The award winning artist has gone back to her roots in design and intricate botanicals to add colourful graphics to her still life work.
"I normally do more traditional still life and during last year's lockdown I started playing around," she said.
Ms Davies had an accomplished career as a graphic designer which took her to work in London and Sydney.
She was recently named a finalist in the Busselton Art Awards for her still life oil on canvas painting titled Alchemy.
"ArtGeo was great because it is really hard for a still life painter to get into the finals of just about anything, landscape always wins especially in the South West," she said.
"It is such a niche but it suits a graphic designer very well."
Ms Davies painted and drew as a young girl and felt lucky because she always knew she would be an artist.
"The kick start was when I went to the dentist with my mum when I was six years old, I was terrified, we were not terribly well off my parents struggled," she said.
"I had seen an oil painting set in the window of the newsagent, I told my mum I really wanted it, she said, 'darling we can't afford it,
"As we got out of the taxi there was five pounds in the gutter, she picked it up and said, 'okay after the dentist we will go to the newsagent and buy you your oil set.'
"So we did and I remember she took me down to the Swan River at Crawley Bay where I sat and painted pictures of the boats on the water."
A "fantastic art teacher" in her final two years of school helped Ms Davies steer her career into a world of graphic design which took her to London and Sydney to work.
"It was really the beginning of the possibility in doing a degree in design as opposed to leaving when you were 15 years old and going to tech college," she said.

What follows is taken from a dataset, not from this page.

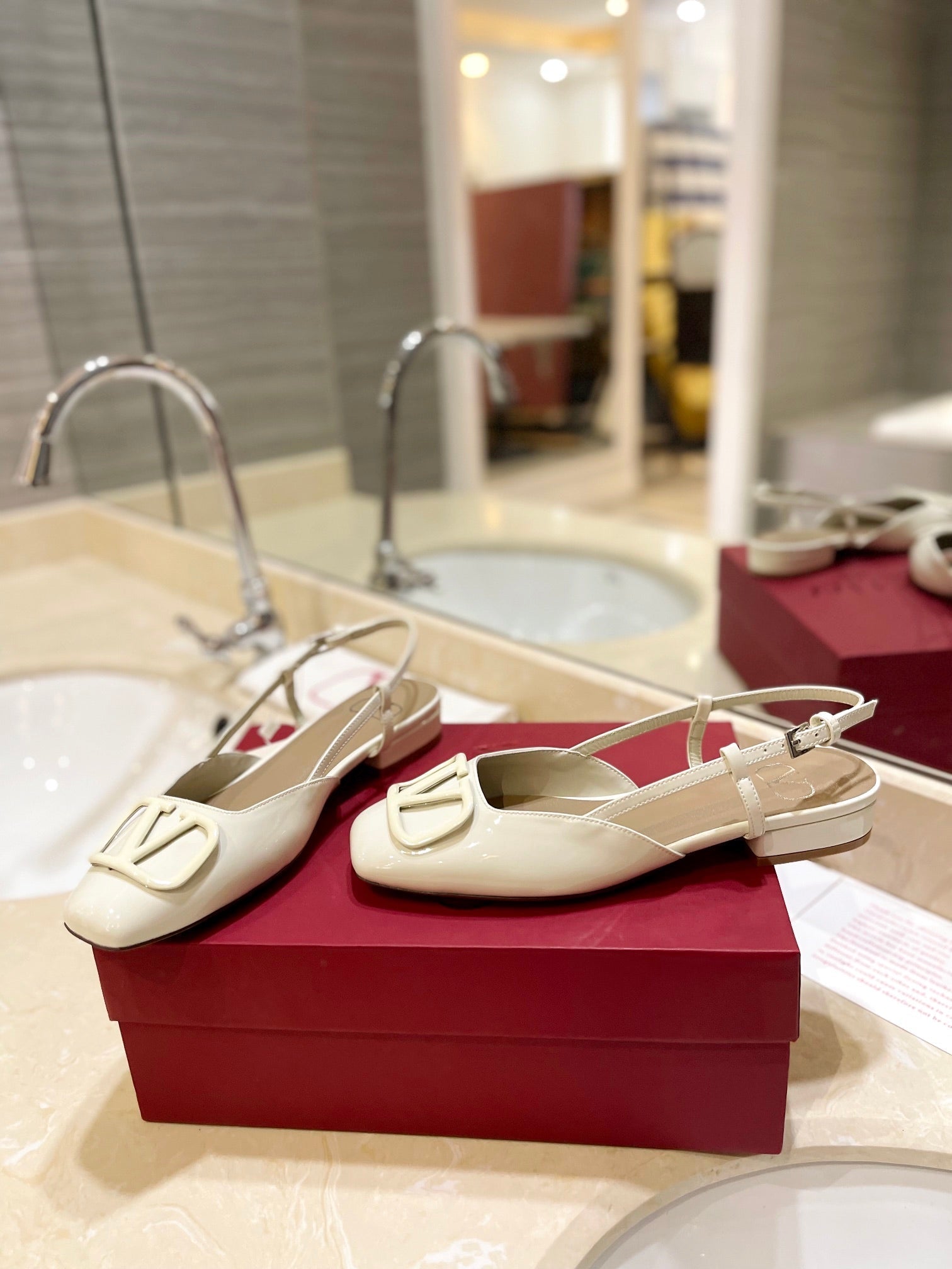 VLOGO WHITE PATENT LEATHER SLINGBACK FLATS

"He was the one who took me out to Curtin University (when it was the Western Australian Institute of Technology) to talk to them about my folio.
"I was really passionate and desperately wanted to do something with it, so I went to WAIT and did a degree in design."

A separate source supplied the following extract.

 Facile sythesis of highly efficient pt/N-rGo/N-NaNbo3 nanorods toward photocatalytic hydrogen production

When Ms Davies was in her final year at university her grandfather passed away and "very kindly" left her $2,000 which was enough money to buy a ticket to London.
"I worked in packaging design and illustration, I loved it," she said.
Ms Davies said as a designer, still life was a very disciplined way of working.
"I like the orderliness of still life and its precision, as a designer I was very precise, and there is something about the quietness of still life," she said.
"You can be bowled over by landscapes, you can be bowled over by abstract that hits you, almost grabbing you and making you feel an emotion.
"I find with still life I can almost be wrapped in it, I can stand there for hours and look at a beautiful still life and it has a sense of calm."
Ms Davies said still life had an incredible background which originally grew from a desire for people to show how wealthy they were in the Dutch 16th and 17th Centuries.
"Wealthy merchants wanted to show off how rich they were and to do that they hired still life painters who would come in and paint their beautiful things," she said.
"Still life painters wanted to inject some of their own nuanced thinking and that is why you started to get in still life a candle burning down, a skull, a torn page of a book, petals from a flower that had fallen.
"They were used as a metaphor to remind us about our own immortality and that beauty was not lasting forever, and I love that about still life.
"As still life started to grow centuries ago, women started to paint quietly at night, it was not well paid but that was how they could survive as artists and still have children.
"That is why quite a lot of still lifes are quite dark because they were painted by candlelight.
"I have moved on from that mine are light and bright and full of colour and freshness, but it is the same story.
"I am a woman trying to paint within my home but still enjoy that development of still life as an art form."
Ms Davies' exhibition Cornucopia takes place at Studio Gallery and Bistro, Marrinup Drive, Yallingup from March 16 to 30, 2021.